Hurricane Matthew, the most powerful Atlantic tropical storm in almost a decade, was gearing up to deliver a potentially devastating blow to the Caribbean as wary U.S. authorities began preparing for a possible landfall on the Atlantic Coast late in the week.
Well before its expected arrival sometime early Tuesday, Matthew was already pouring torrential rain on Haiti, where "staggering rainfall totals are possible," said Rick Knabb, director of the National Hurricane Center.
National and international authorities were rushing to meet what was being predicted as a humanitarian disaster in Haiti, the poorest nation in the Western Hemisphere, which is still struggling to rebound from a series of earlier natural disasters.
At 11 p.m. ET Monday, Matthew was a category 4 hurricane, making it the most powerful Atlantic storm since 2007. It was 190 miles southwest of the Haitian capital, Port-au-Prince, and was creeping along at just 7 mph with slightly stronger sustained winds up to 145 mph.

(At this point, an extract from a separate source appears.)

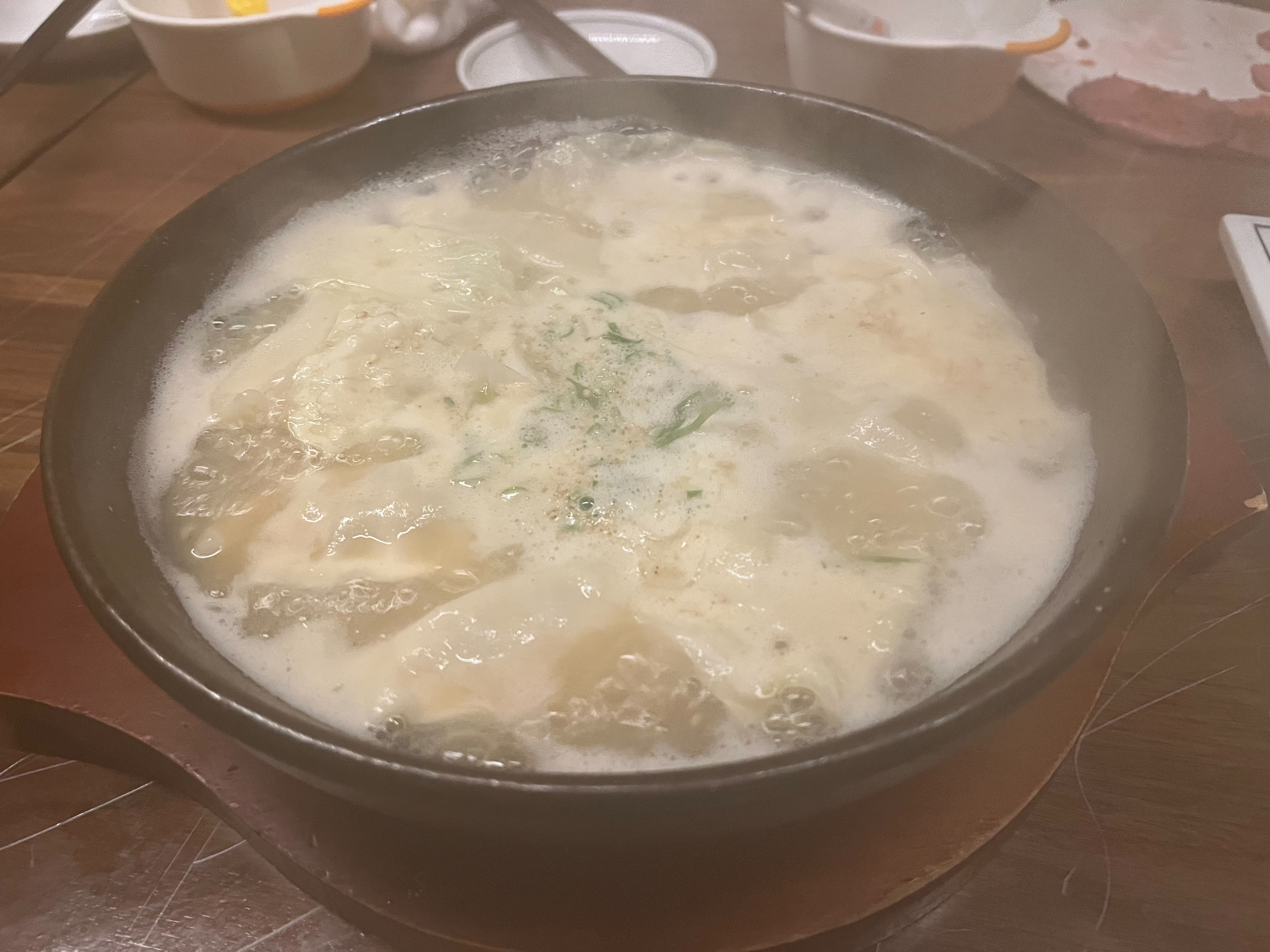 滿滿韭菜與高麗菜堆成小山,湯底香濃帶蒜味,牛腸Q彈油潤,湯頭越煮越濃郁,暖胃又過癮。

rojections of the potential disaster in Haiti were so dire that the U.S. Embassy in Port-Au-Prince felt compelled to reassure people that as far as it knew, there was nothing yet that "indicates that southern cities will 'disappear.'"
Matthew is "just an absolute powerhouse," said Ari Sarsalari, a meteorologist for The Weather Channel. And besides Haiti, it will be "a really nasty storm in Jamaica and eastern Cuba," he said.